Kepala Satpol PP Kota Pekanbaru, Desheriyanto, mengatakan pihaknya telah menerima instruksi langsung dari Wali Kota Pekanbaru untuk segera melakukan penertiban.

"Dalam waktu dekat kita akan laksanakan penertiban dan monitoring. Razia dan patroli di titik-titik yang sudah ditetapkan," ujar Desheriyanto, Kamis 23 Juli 2026.

Ia menjelaskan, keberadaan warung remang-remang telah menjadi perhatian serius pemerintah daerah. Satpol PP juga telah memetakan sejumlah lokasi yang akan menjadi sasaran operasi.



Menurut Desheriyanto, penertiban tidak hanya difokuskan di Jalan Air Hitam. Sejumlah kawasan lain yang juga menjadi perhatian di antaranya Jalan SM Amin dan kawasan Arengka.

"Tidak hanya titik di situ saja yang kita jangkau. Ada titik lainnya, seperti di Jalan SM Amin dan Arengka," jelasnya.

Sebelumnya, Wali Kota Pekanbaru Agung Nugroho mengakui pihaknya telah menerima laporan mengenai munculnya kembali warung remang-remang di kawasan Air Hitam. Ia memastikan lokasi tersebut akan segera ditertibkan.
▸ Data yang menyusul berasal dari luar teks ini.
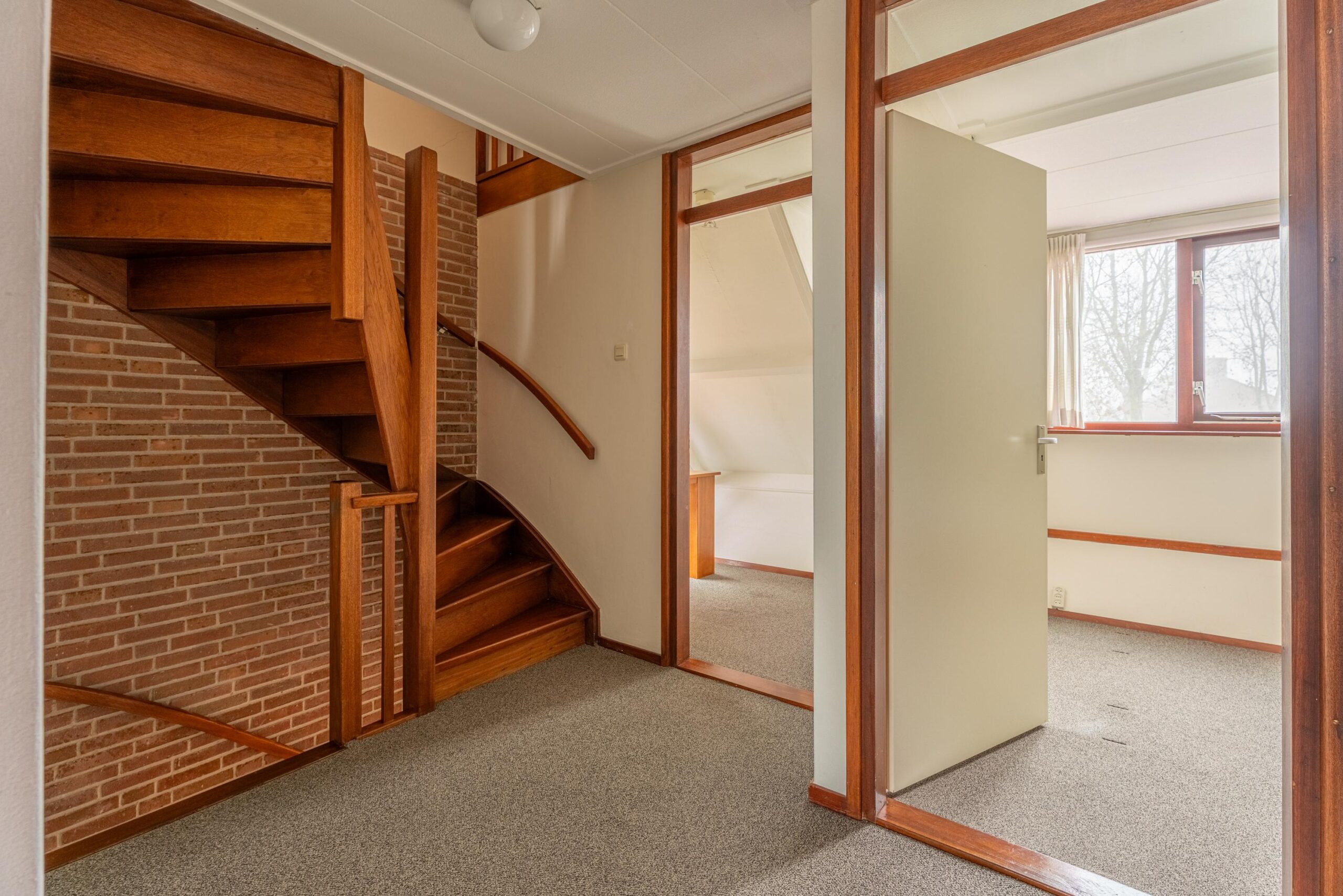 Overloop met toegang tot drie slaapkamers en de badkamer. De slaapkamers zijn van goed formaat en één van de kamers beschikt over een balkon en een vaste kast.
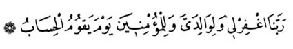 Ey bizim Rabbimiz! Beni, anamı ve babamı ve bütün mü'minleri hesap gününde (herkesin sorguya çekileceği günde) bağışla.
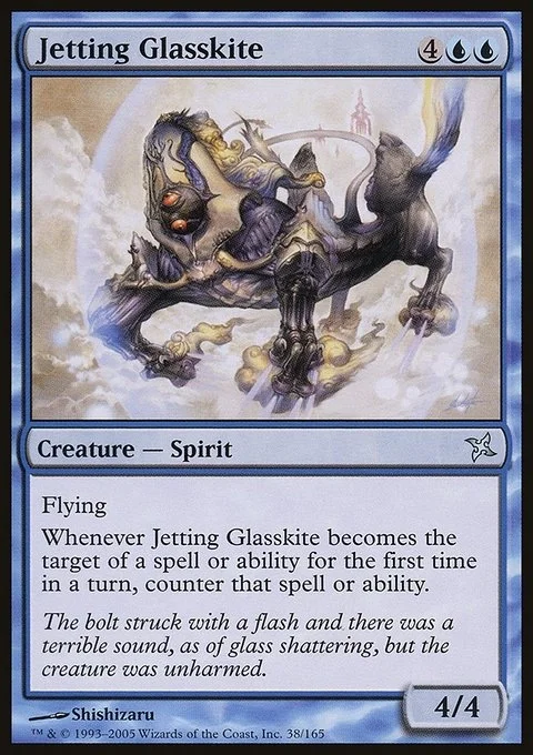 Flying Whenever Jetting Glasskite becomes the target of a spell or ability for the first time each turn, counter that spell or ability.
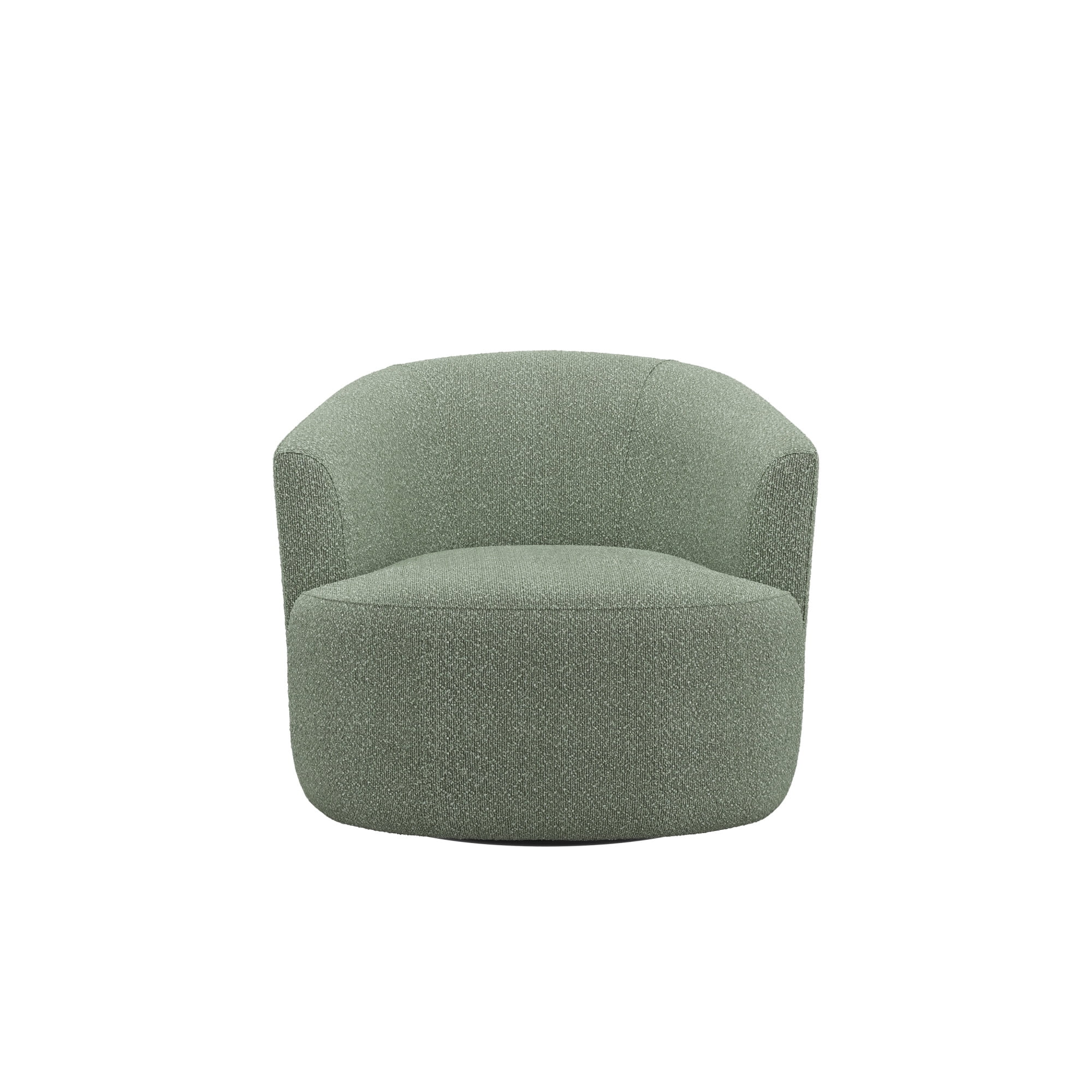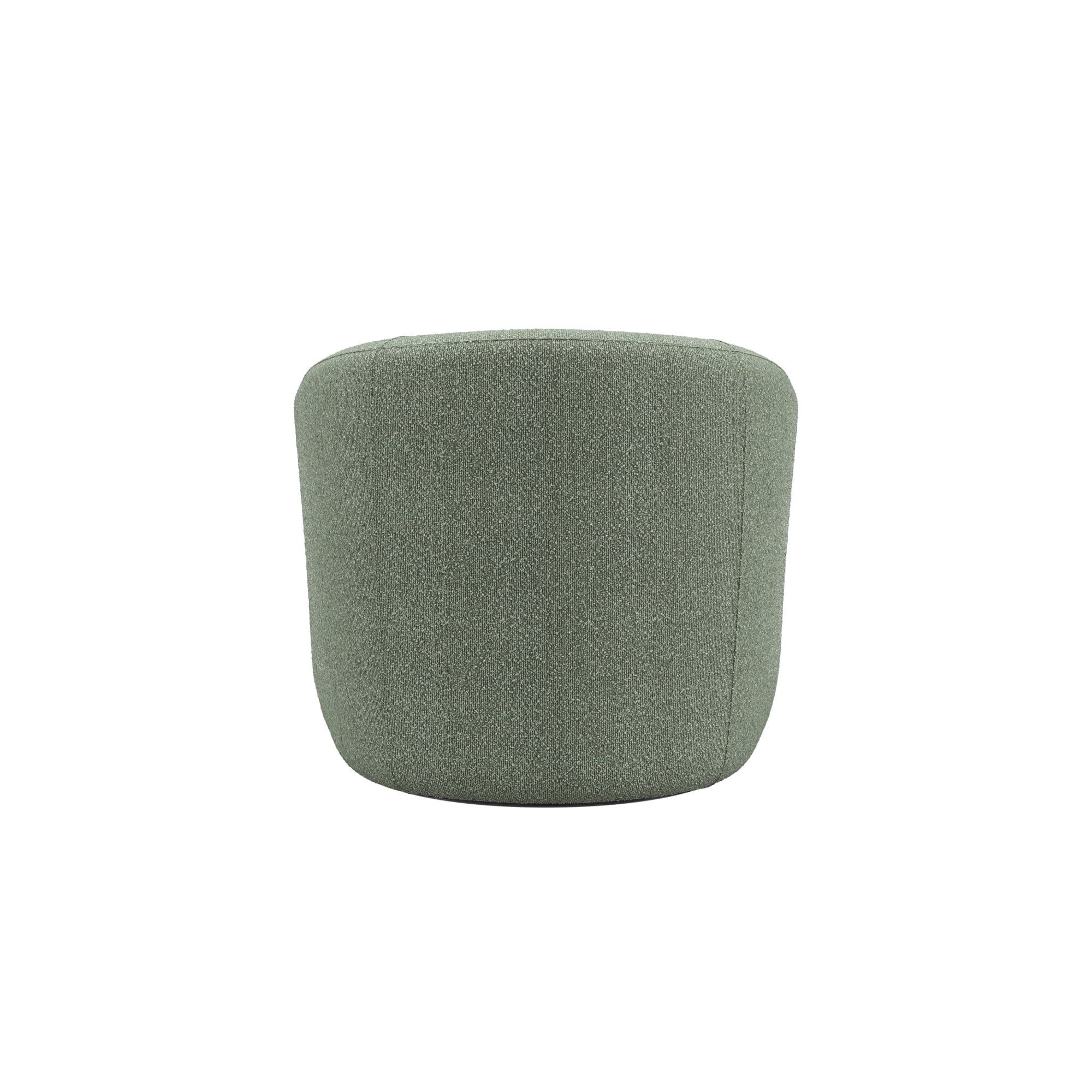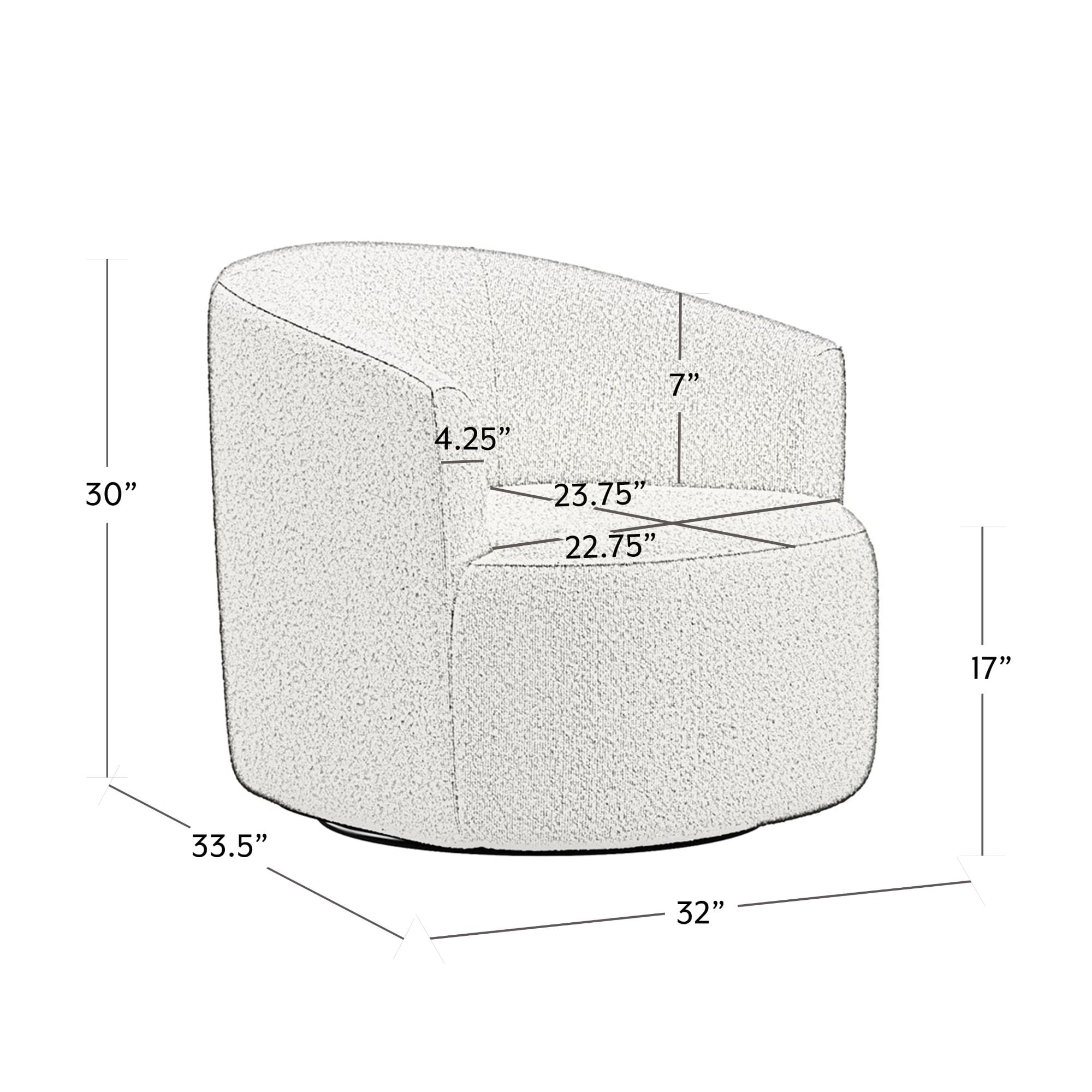 Boucle fabric upholstery 360 degree metal swivel base Available Colors: Cream, Taupe and Olive Overall Dimensions: 30H x 32W x 33.5D No assembly required Shipped in one box Spot or wipe clean Recommended weight capacity 250lbs

"Kami sudah menerima laporan tersebut, ada yang baru lagi muncul. Itu sudah menjadi perhatian untuk ditertibkan," kata Agung, Sabtu 18 Juli 2026.

Agung menegaskan pemerintah tidak akan tinggal diam terhadap keberadaan tempat-tempat yang diduga berpotensi menjadi lokasi praktik prostitusi maupun aktivitas yang melanggar ketentuan di Kota Pekanbaru.

"Kami tegaskan tidak ada tempat untuk perzinahan di Kota Pekanbaru. Ini komitmen kami," tegasnya.

Selain itu, Agung juga menyampaikan pemerintah kota tidak mentoleransi keberadaan komunitas LGBT di Pekanbaru. Ia menyatakan perilaku LGBT berpotensi meningkatkan risiko penularan HIV.